When Walter hit sixty years old he was drowning. Submerged in a sea of clutter, art supplies, papers, broken appliances, old clothes and unfinished projects.
His beloved wife, Alice, died three years ago. After that, Walter became marooned in loss. He started to unravel, feeling unmoored and adrift. Alice had always been his rock. His true north.
Retired many years now from his career as an art teacher at the community college, Walter struggled to make a go of his fine art. He would amble into his studio, mix colors on his palette and then stare at the canvas. But nothing would come to him.
The muse that used to inform his creativity had taken leave. He wondered if it would ever come back.
The few paintings he did manage to produce were well executed but lacked vitality. Too flat in a predictable, representational sort of way.
The door to fear
Saul, owner of the only gallery that sold Walter’s work, suggested more color. “Saul, I’m a tonalist. I don’t do gaudy, scattershot explosions of color,” Walter would say.

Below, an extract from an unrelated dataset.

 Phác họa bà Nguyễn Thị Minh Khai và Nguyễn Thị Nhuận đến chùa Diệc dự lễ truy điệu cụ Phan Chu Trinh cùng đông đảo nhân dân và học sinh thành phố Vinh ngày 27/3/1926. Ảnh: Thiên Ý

“Well, I don’t know what to tell you. Something’s missing in your work. I mean, the pieces are well done, but something’s not there,” Saul lamented.

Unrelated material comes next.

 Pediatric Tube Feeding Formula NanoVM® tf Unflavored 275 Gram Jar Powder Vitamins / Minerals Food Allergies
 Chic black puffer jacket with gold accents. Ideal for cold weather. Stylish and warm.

The missing ingredient in Walter’s work was joy. The loss of Alice had stolen a piece of Walter’s heart, making him unable to access the happiness he once felt.
The loss of happiness and joy can open the door to fear. And fear, ultimately, was the reason Walter’s paintings didn’t connect.

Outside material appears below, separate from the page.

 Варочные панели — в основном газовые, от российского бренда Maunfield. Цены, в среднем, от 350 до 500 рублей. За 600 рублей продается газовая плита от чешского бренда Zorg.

Walter was fearful that if he allowed joy back into his life, it would betray Alice. How dare he feel happiness with Alice gone, he thought to himself.
There’s no betrayal in living
Autumn arrived and Walter got into the habit of putting his coat on and walking around the local park. The leaves turned striking reds, orange and rusty yellows. Walter found some measure of solace in his daily walks.
One day, Walter encountered a young woman sitting on a park bench, writing in a leather notebook with a fountain pen. It amused Walter that a young person was using a fountain pen. He struck up a conversation with her.
“Young lady, pardon me, but is that a Parker fountain pen?”
The woman smiled and said, “Why yes, it was my father’s. He passed away two years ago. When I write with it, I feel like Dad is still with me.”
Walter introduced himself and the young woman said her name was Ann.
“Really? That was my wife’s middle name,” Walter said.
The two chatted and Ann told Walter she was a poet. Walter talked about his career as an art teacher, and his efforts now to sell paintings.
A cool breeze lifted the leaves around the park bench. Walter bowed his head and admitted to Ann that he missed his wife terribly.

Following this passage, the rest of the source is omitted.